BEGIN

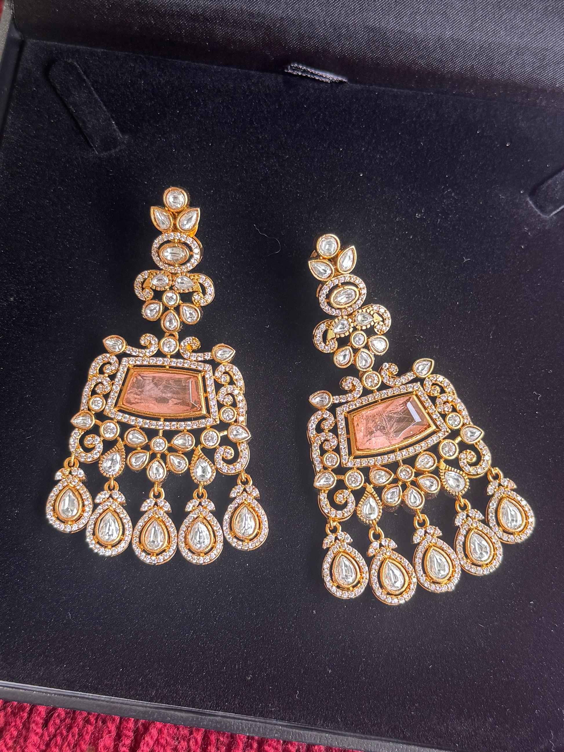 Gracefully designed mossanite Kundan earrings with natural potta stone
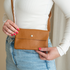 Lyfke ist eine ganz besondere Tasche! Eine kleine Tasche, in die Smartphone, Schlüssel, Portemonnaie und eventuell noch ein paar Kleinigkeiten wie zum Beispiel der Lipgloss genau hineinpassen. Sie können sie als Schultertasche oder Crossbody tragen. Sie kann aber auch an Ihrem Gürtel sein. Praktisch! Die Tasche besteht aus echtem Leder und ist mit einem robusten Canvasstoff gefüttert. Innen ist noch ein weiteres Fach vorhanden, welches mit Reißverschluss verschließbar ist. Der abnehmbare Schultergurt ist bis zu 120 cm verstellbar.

END
BEGIN

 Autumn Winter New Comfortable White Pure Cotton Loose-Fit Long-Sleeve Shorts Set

END

▶ **Task brief**: Output exactly the stretch of the listing that begins at the line containing "Gracefully designed mossanite" and ends at the line containing "Lyfke ist eine", both kept. Omit pictures and everything else.

▶ **Exercise answer**:
 Gracefully designed mossanite Kundan earrings with natural potta stone
 Lyfke ist eine ganz besondere Tasche! Eine kleine Tasche, in die Smartphone, Schlüssel, Portemonnaie und eventuell noch ein paar Kleinigkeiten wie zum Beispiel der Lipgloss genau hineinpassen. Sie können sie als Schultertasche oder Crossbody tragen. Sie kann aber auch an Ihrem Gürtel sein. Praktisch! Die Tasche besteht aus echtem Leder und ist mit einem robusten Canvasstoff gefüttert. Innen ist noch ein weiteres Fach vorhanden, welches mit Reißverschluss verschließbar ist. Der abnehmbare Schultergurt ist bis zu 120 cm verstellbar.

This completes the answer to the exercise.